Clinging to rock piles high in the Pyrenees, the plant Borderea pyrenaica has a modest lifestyle: It grows a new shoot every summer, flowers and fruits, then sheds its aboveground growth to survive the winter as a tuber. What's remarkable is how long this life lasts for. Individual plants have been known to live 300 years or more. Scientists headed up into the mountains to find out whether these plants, in all their years of living, ever actually get old.
"Senescence" is what we usually call aging--getting weaker and closer to death as we get on in years. To us humans, it seems like a fact of life. But some other animals are thought to be "negligibly senescent." Certain fish, turtles, and other sea creatures seem to be perfectly healthy and fertile at 100 or 200 years old; they're no more likely to die at that age than at any other. Some plants, and especially some trees, may have nearly unlimited lifespans.
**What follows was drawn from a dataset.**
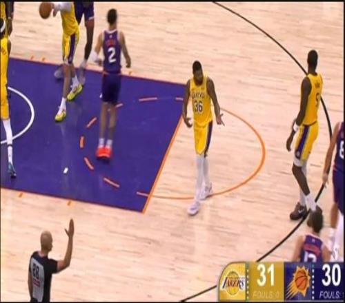 一個仙人指路的四分衛精準長傳助,拉拉維亞輕松打進2+1,湖人3節領先30分。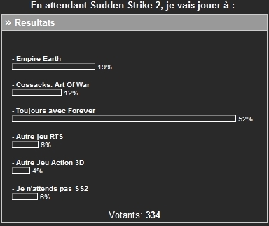 Confirmation ici de la grande espérance suscitée par Sudden Strike 2, confortée jusque là par les informations ayant filtré à son sujet. On constate cependant une inquiétude quant au produit fini, qui finira par se matérialiser à la sortie du jeu... avec une éclosion sans précédent de mods ayant pour but de "terminer un Sudden Strike 2 bâclé", comme la nouvelle version du RWM ou bien encore le fameux SSNM. Ceci divisera d'autant plus la communauté entre Foreveriens, fans de SS2, et joueurs voguant de mods en mods. | Votre jeu du moment printemps 2002

Scientists--not to mention cosmetics companies--would love to know exactly why humans are stuck with senescence while organisms like the bristlecone pine just get more fabulous with age. Unfortunately, it's difficult for those of us with limited lifespans to study those without. To squeeze some secrets out of Borderea pyrenaica, scientists from Spain and Sweden studied two populations of the plant over the course of five years.
Because Borderea pyrenaica is left with a scar on its tuber when each year's growth dies back, researchers could count the scars to calculate an individual tuber's age. Each year, they counted and measured the leaves on each plant. They also counted the plants' flowers, fruits and seeds. Since the plants come in male and female versions, the researchers would be able to compare aging in both--would the metabolic effort of making fruits and seeds take a toll on female plants' lifespans? At the end of the study, the researchers dug up all the tubers, dried them and weighed them. (Aesop says: Don't be jealous of negligibly senescent organisms. If old age doesn't kill you, science will!)
The researchers were able to calculate the age of almost 750 plants that were up to 260 years old. They found that tubers grew in size each year, reaching their maximum size after 50 or 100 years (depending on the population). As the tubers grew, the shoots that they put out each year got bigger too. After they reached about 60 years old, the plants didn't seem any more likely to die with the passing years. If anything, survivorship seemed to increase in old age. There was no difference between male and female plants.
As they got bigger, both types of plants put out more flowers, giving them greater potential to contribute to the next generation. This meant that the plants' "reproductive value"--an individual's expected fertility from its current age onward--actually increased over their entire lifespan.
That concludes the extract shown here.